University of Campania Luigi Vanvitelli

Status and phase

Enrolling
Phase 3

Conditions

Metastatic Colorectal Cancer (mCRC)

Treatments

Drug: FOLFOX (Folinic acid + Fluorouracil + Oxaliplatin)
Drug: Bevacizumab
Drug: Erbitux (Cetuximab)
Drug: FOLFIRI (5-Fluorouracil, Folinic acid, Irinotecan)

Study type

Interventional

Funder types

Other

Identifiers

NCT07389265
CAPRI-3- GOIM Study

Details and patient eligibility

About

The goal of this Phase 3 clinical trial is to evaluate whether continuing cetuximab treatment beyond first-line progression can improve outcomes in patients with metastatic colorectal cancer whose tumors are RAS and BRAF wild-type. The study will compare the effectiveness of chemotherapy given together with cetuximab versus chemotherapy given together with bevacizumab. Researchers aim to determine whether cetuximab continuation improves tumor response, progression-free survival, overall survival, and safety in this patient population.

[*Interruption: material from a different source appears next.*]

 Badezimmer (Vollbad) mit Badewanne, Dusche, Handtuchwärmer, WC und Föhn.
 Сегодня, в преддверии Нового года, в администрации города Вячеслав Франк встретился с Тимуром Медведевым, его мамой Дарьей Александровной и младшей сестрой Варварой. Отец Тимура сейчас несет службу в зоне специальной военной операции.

Eligible participants are adults with metastatic colorectal cancer who have previously responded to first-line treatment with chemotherapy combined with an anti-EGFR antibody. Before starting therapy, patients will undergo molecular testing using liquid biopsy to confirm tumor characteristics. They will then receive chemotherapy with either cetuximab or bevacizumab every two weeks, and their disease will be monitored regularly with CT or MRI scans, laboratory tests, and clinical evaluations. During the study, patients will also provide biological samples for translational research.

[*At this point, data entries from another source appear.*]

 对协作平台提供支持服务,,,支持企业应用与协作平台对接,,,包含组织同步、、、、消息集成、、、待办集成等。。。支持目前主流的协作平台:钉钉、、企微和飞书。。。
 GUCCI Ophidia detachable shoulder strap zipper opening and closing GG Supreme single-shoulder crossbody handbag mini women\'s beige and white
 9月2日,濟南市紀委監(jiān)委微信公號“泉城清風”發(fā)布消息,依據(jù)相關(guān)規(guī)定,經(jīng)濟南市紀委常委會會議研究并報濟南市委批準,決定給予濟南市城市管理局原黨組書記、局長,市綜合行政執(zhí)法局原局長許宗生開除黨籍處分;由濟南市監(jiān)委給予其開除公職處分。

This trial will enroll about 360 patients across sites in Italy and Spain and is designed to provide new evidence on whether cetuximab continuation beyond first-line treatment can offer a meaningful clinical benefit compared with standard therapy.

Full description

Metastatic colorectal cancer (mCRC) is one of the most common and lethal cancers worldwide. Despite progress with chemotherapy and targeted therapies, many patients experience disease progression after first-line treatment. In recent years, drugs targeting the Epidermal Growth Factor Receptor (EGFR), such as cetuximab, have shown significant benefit in patients with RAS and BRAF wild-type tumors. However, it remains unclear whether continuing cetuximab beyond progression, while changing the chemotherapy backbone, can provide additional benefit compared to switching to an alternative targeted treatment.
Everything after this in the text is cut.